The code implements a single threaded client and server. Ignoring the client for the moment... The 'c' code that implements the server is single threaded and can only connect to one erlang client at a time.
Launch EPMD ('epmd -daemons')
Launch the server application ('cserver 1234')
Launch the erlang client application ('erl -sname e1 -setcookie secretcookie') [in a different window from #2]
execute a server command ('complex3:foo(3).') from the erlang shell in #3
Now that the server is running and that a current erlang shell has connected to the server try it again from another window.
open a new window.
launch an erlang client ('erl -sname e2 -setcookie secretcookie').
execute a new server command ('complex3:foo(3).').

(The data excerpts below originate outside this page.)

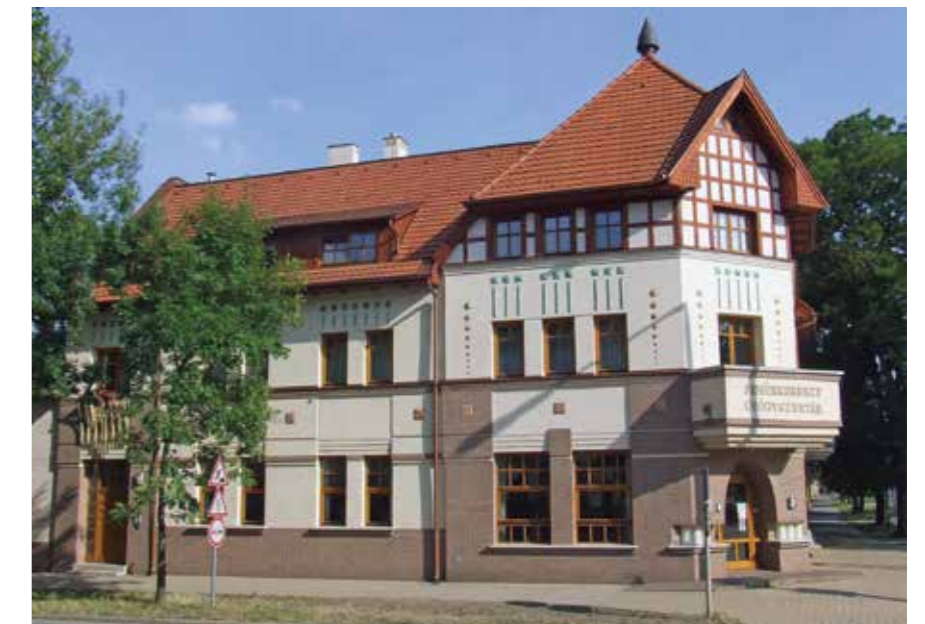
▲ Társasház, Törökszentmiklós, 2008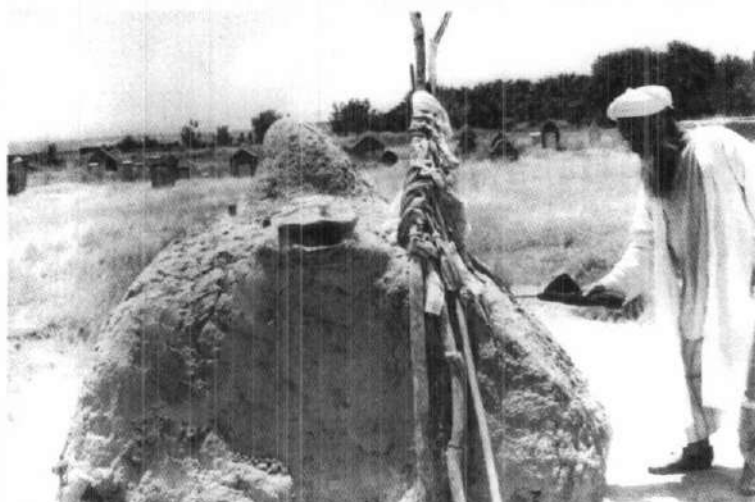
Хожа Самандар Термизий қабрининг мустақилликдан олдинги кўриниши.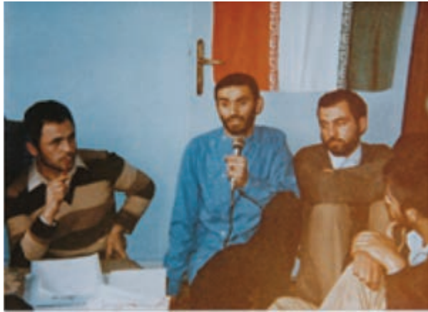
شکل ۲۰-۴ شهید داور یسری (نفر دوم از سمت چپ)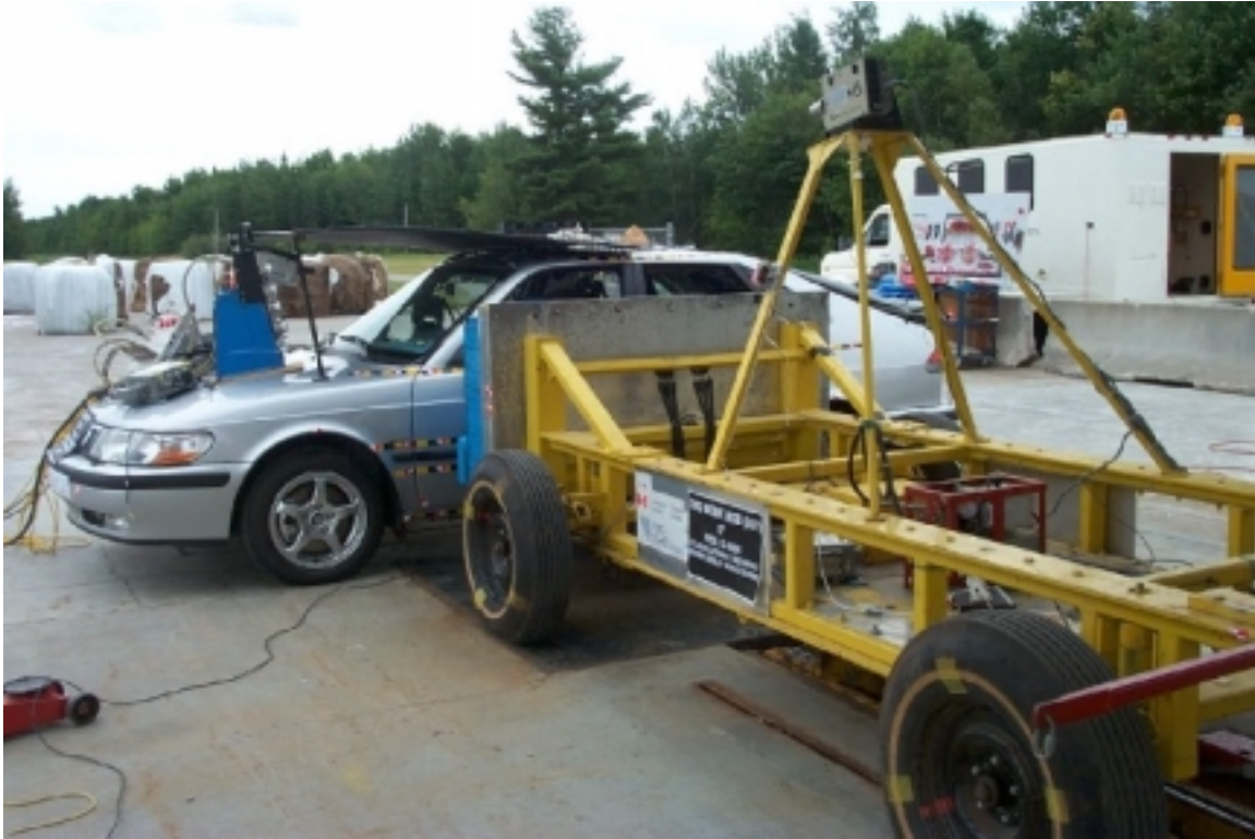
25. Vue ¾ avant des véhicules en contact, avant essai. ¾ front view of vehicles in contact, pre-test.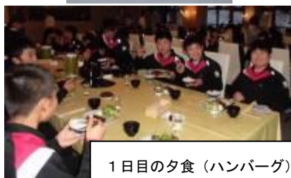
1日目の夕食(ハンバーグ)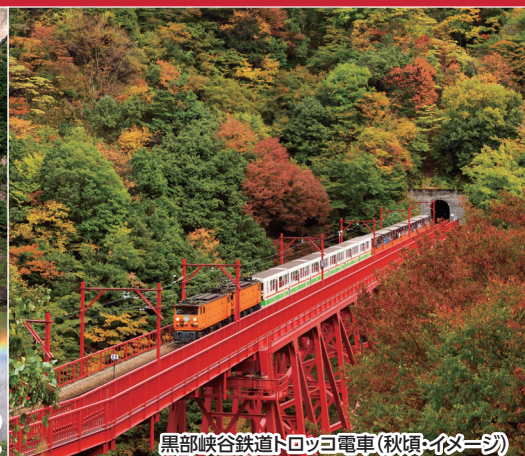
黒部峡谷鉄道トロッコ電車(秋頃・イメージ)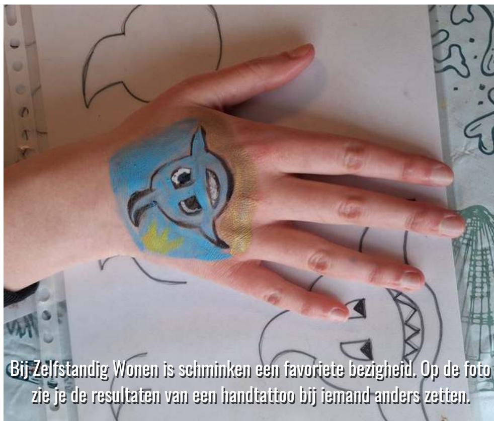
Bij Zelfstandig Wonen is schminken een favoriete bezigheid. Op de foto zie je de resultaten van een handtattoo bij iemand anders zetten.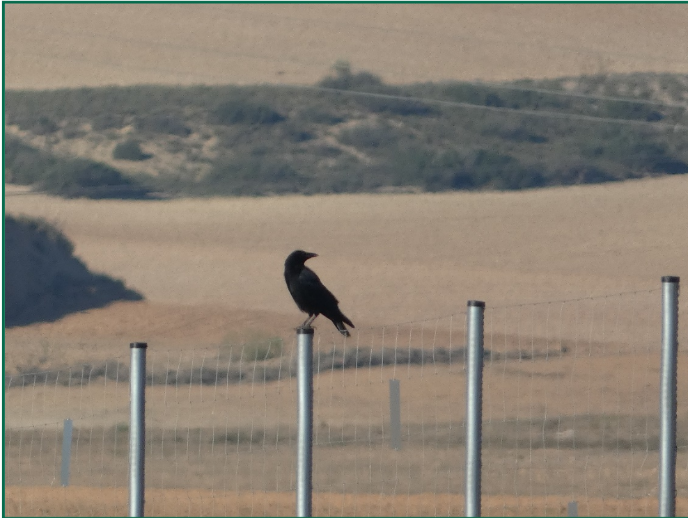
Fotografía 6. Corneja negra ( Corvus corone ).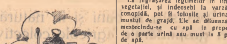
Scena din „Porumbul hibrid”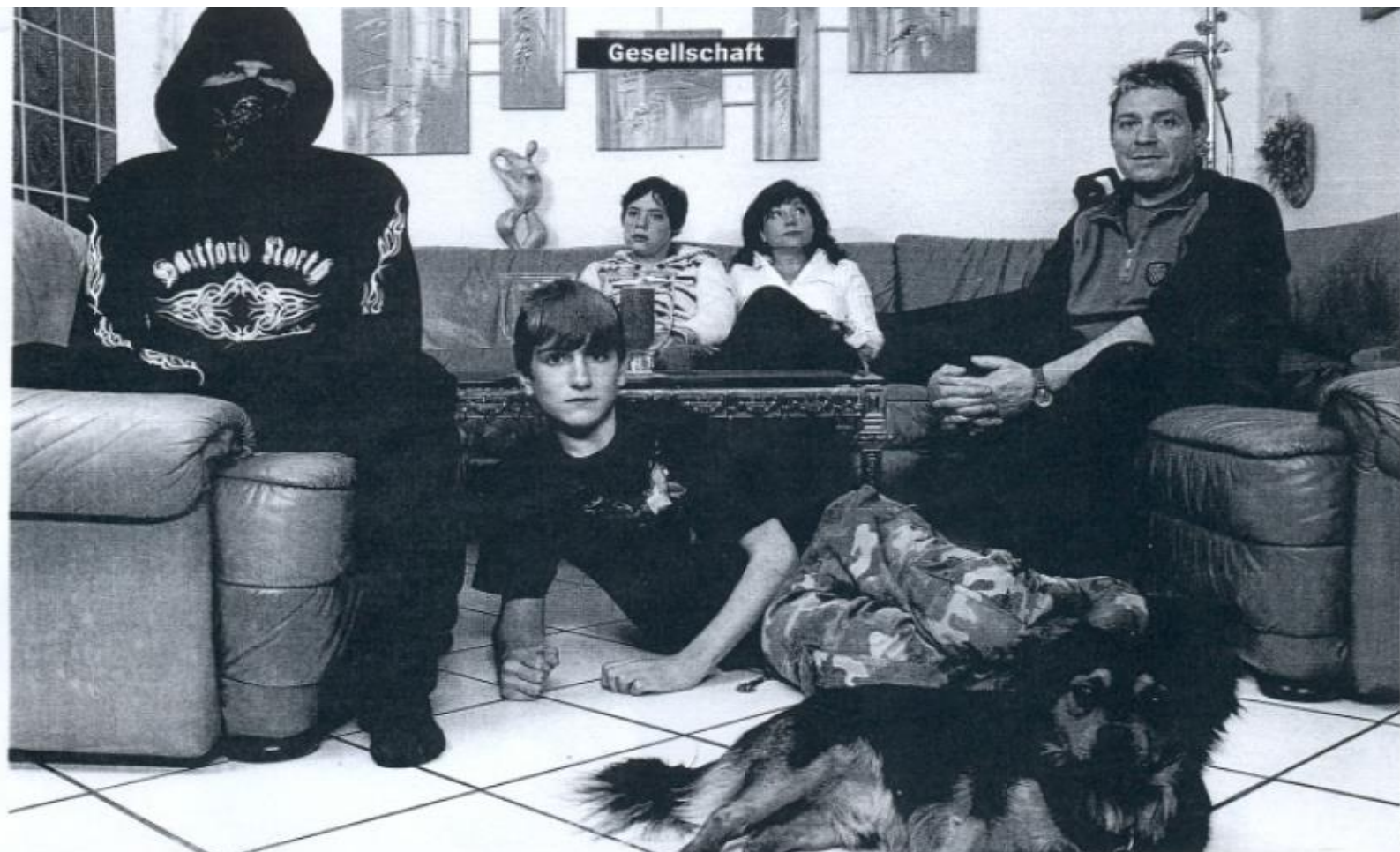
Gastfamilie Kobe, 16-jähriger Gastsohn (l.): Geht das? Heimisch werden bei Fremden, bei Spießern oder Bauersleuten?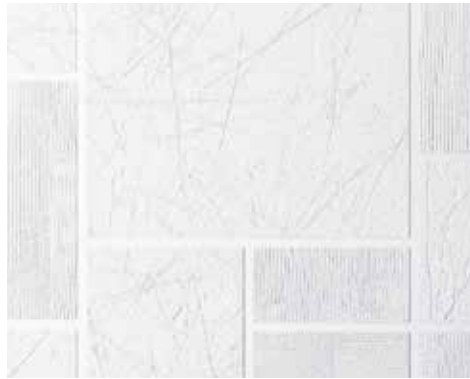
COMPOSITION L 400-1000 | H 700-2500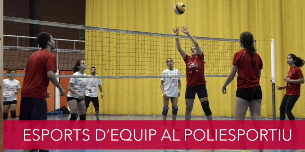
ESPORTS D'EQUIP AL POLIESPORTIU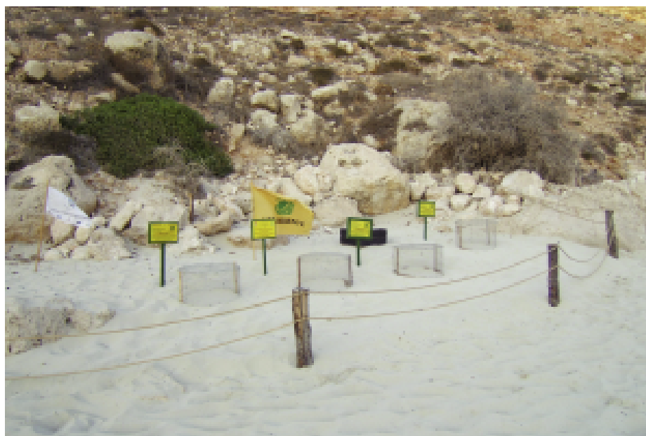
Fig. 9 — L'area di traslocazione dei nidi.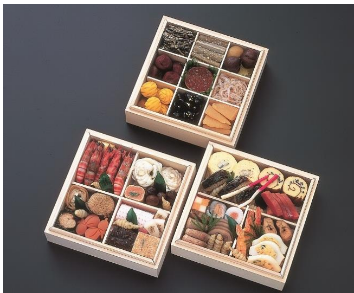
三段重 ¥48,600(税込) 4人前 19.6cm×19.6cm×5.8cm

二傳(にでん)本店 〒604-8267 中・姉小路通油小路西入ル鍛冶町142 電話：075-221-3908 (水曜を除く10~17時) ファックス：075-221-6044

Notice that the system seems hung... when it should have executed the command. The reason it is hung is because the other erlang node is connected and that there are no other threads listening for connections.
NOTE: there seems to be a bug in the connection handling. I added a timeout in the receive block and I caught some errant behavior but I did not get them all. Also, I was able to get the cserver to crash without warnings or errors if I forced the first erlang node to terminate after the indicated steps were performed.
So the question... What is the best way to implement a threaded C-Node? What is a reasonable number of connections?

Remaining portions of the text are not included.